# Can A Weakly Convergent Sequence Be Unbounded in Norm

Let $H$ be a complex Hilbert spaces and let $(x_n)$ be a sequence in $H$ which converges to $0$ weakly.

Question. Can $(x_n)$ be unbounded in the norm? In other words, is it possible that the sequence $(\| x_n\|)$ be unbounded?

In particular, I am wondering if $(e_n)_{n=1}^\infty$ is an orthonormal basis of $H$ then whether or not the sequence $e_1, 2e_2, 3e_3, \ldots$ converges to $0$ weakly.

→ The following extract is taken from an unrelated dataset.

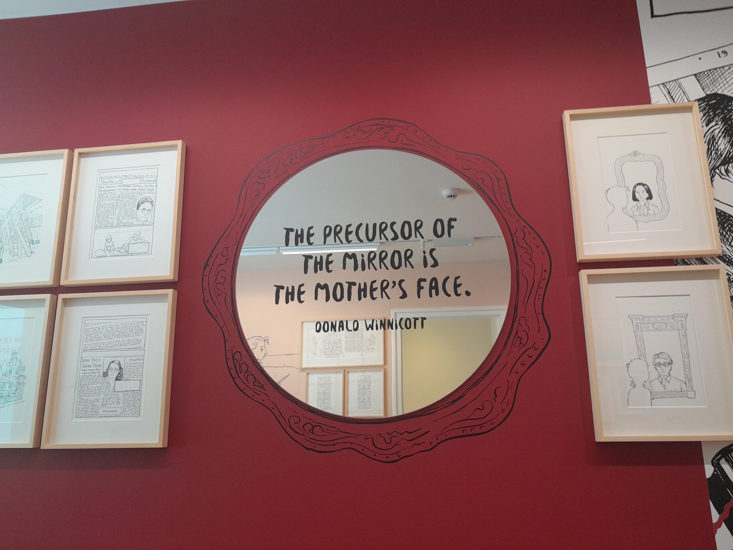 À l’étage dans une pièce complètement rouge, ce sont des crayonnés, des planches originales mais aussi des aquarelles de « C’est toi ma maman ? » qui sont exposées. Dans ce roman graphique paru en 2012, elle questionne ses relations avec sa mère. Sur un mur, un miroir barré d’une citation de Donald Winicott : « Le précurseur du miroir est le visage d’une mère » pose les bases de la réflexion que l’auteure va développer tout au long de la BD.

• @ChrisJanjigian So here is what I have after your hint. Let $phi_n:H*\to \mathbb C$ be the image of $x_n$ under the map $H\to H^*$. Then since $(x_n)$ converges weakly, we have $(\phi_n(f))_{n=1}^\infty$ is a bounded sequence for all $f\in H^*$. Therefore, by Banach-Steinhaus, $\| \phi_n\|$ is uniformly bounded. Since $\|x_n\|=\|\phi_n\|$, we are done. Is this okay? – caffeinemachine Nov 28 '15 at 20:06
• You can test your sequence against $x=(1,1/2,1/3,\dots,1/n,\dots).$ – user940 Nov 28 '15 at 20:09

Let $$X$$ be a Banach space. Suppose that $$A\subset X$$ is bounded in the weak topology. Then $$A$$ regarded as a subset of $$X^{**}$$ is nothing but a pointwise-bounded set of continuous linear functionals on $$X^*$$. By the Banach–Steinhaus theorem, it must be uniformly bounded, hence $$A$$ is norm-bounded as $$X$$ is embedded into $$X^{**}$$ isometrically.